REQUIRED ACTION
In the entries that follow, repeat exactly the lines from the one that has "a theatrical, isolationist" through the one that has "Compound 4 was", but omit pictures.

==== TASK INPUT ====

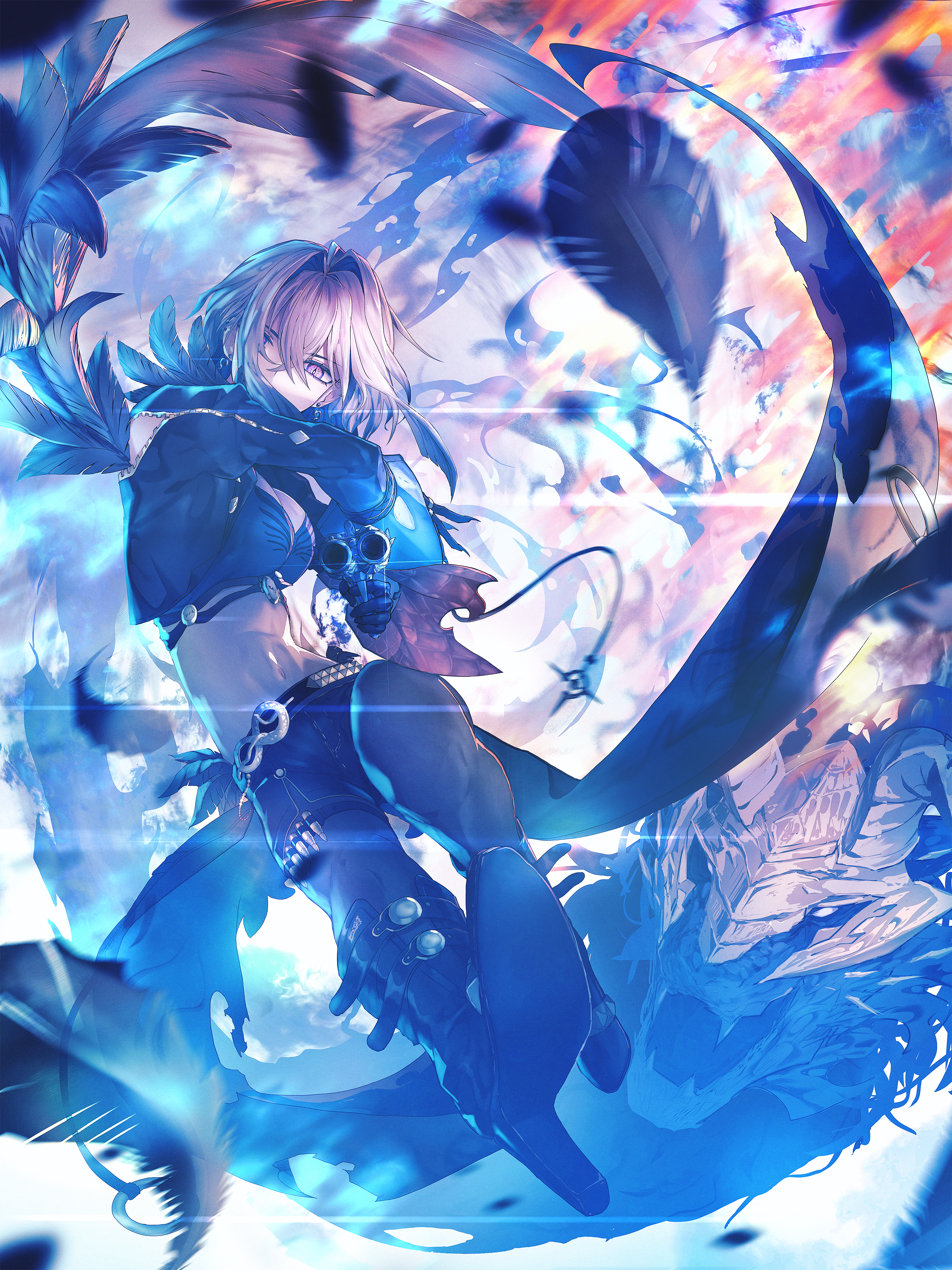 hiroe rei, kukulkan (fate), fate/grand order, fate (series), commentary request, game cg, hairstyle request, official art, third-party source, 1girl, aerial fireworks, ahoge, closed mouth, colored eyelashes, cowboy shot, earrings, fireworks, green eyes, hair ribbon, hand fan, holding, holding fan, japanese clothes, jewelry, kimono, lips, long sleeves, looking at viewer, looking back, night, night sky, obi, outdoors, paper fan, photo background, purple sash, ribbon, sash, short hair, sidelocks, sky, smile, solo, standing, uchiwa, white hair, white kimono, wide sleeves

====
==== TASK INPUT ====

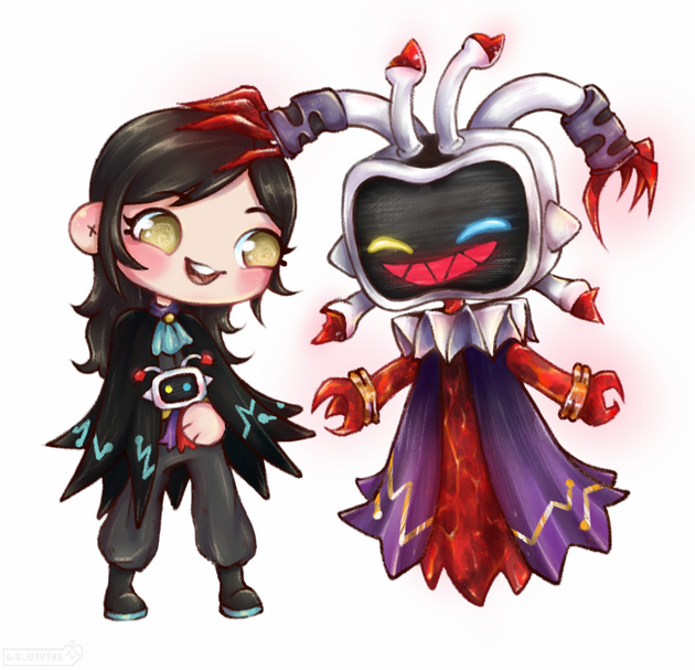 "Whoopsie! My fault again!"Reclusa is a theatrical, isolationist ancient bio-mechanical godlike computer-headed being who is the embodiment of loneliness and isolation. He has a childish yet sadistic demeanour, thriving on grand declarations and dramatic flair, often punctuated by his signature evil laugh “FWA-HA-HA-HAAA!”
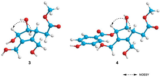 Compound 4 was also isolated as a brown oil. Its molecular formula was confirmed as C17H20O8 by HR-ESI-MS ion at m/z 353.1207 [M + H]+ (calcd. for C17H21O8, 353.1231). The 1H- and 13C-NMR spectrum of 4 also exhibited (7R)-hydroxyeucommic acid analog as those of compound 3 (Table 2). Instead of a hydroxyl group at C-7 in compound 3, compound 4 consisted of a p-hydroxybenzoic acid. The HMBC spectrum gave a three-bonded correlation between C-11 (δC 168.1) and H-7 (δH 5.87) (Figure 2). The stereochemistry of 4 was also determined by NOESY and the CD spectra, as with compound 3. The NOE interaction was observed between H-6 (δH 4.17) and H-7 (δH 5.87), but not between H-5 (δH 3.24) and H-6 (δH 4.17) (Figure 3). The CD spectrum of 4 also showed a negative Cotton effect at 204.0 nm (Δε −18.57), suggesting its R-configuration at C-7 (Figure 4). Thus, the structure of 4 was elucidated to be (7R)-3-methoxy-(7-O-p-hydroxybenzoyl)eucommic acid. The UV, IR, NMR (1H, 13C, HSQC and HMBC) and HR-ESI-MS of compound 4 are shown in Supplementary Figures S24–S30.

====

YOUR RESPONSE
 "Whoopsie! My fault again!"Reclusa is a theatrical, isolationist ancient bio-mechanical godlike computer-headed being who is the embodiment of loneliness and isolation. He has a childish yet sadistic demeanour, thriving on grand declarations and dramatic flair, often punctuated by his signature evil laugh “FWA-HA-HA-HAAA!”
 Compound 4 was also isolated as a brown oil. Its molecular formula was confirmed as C17H20O8 by HR-ESI-MS ion at m/z 353.1207 [M + H]+ (calcd. for C17H21O8, 353.1231). The 1H- and 13C-NMR spectrum of 4 also exhibited (7R)-hydroxyeucommic acid analog as those of compound 3 (Table 2). Instead of a hydroxyl group at C-7 in compound 3, compound 4 consisted of a p-hydroxybenzoic acid. The HMBC spectrum gave a three-bonded correlation between C-11 (δC 168.1) and H-7 (δH 5.87) (Figure 2). The stereochemistry of 4 was also determined by NOESY and the CD spectra, as with compound 3. The NOE interaction was observed between H-6 (δH 4.17) and H-7 (δH 5.87), but not between H-5 (δH 3.24) and H-6 (δH 4.17) (Figure 3). The CD spectrum of 4 also showed a negative Cotton effect at 204.0 nm (Δε −18.57), suggesting its R-configuration at C-7 (Figure 4). Thus, the structure of 4 was elucidated to be (7R)-3-methoxy-(7-O-p-hydroxybenzoyl)eucommic acid. The UV, IR, NMR (1H, 13C, HSQC and HMBC) and HR-ESI-MS of compound 4 are shown in Supplementary Figures S24–S30.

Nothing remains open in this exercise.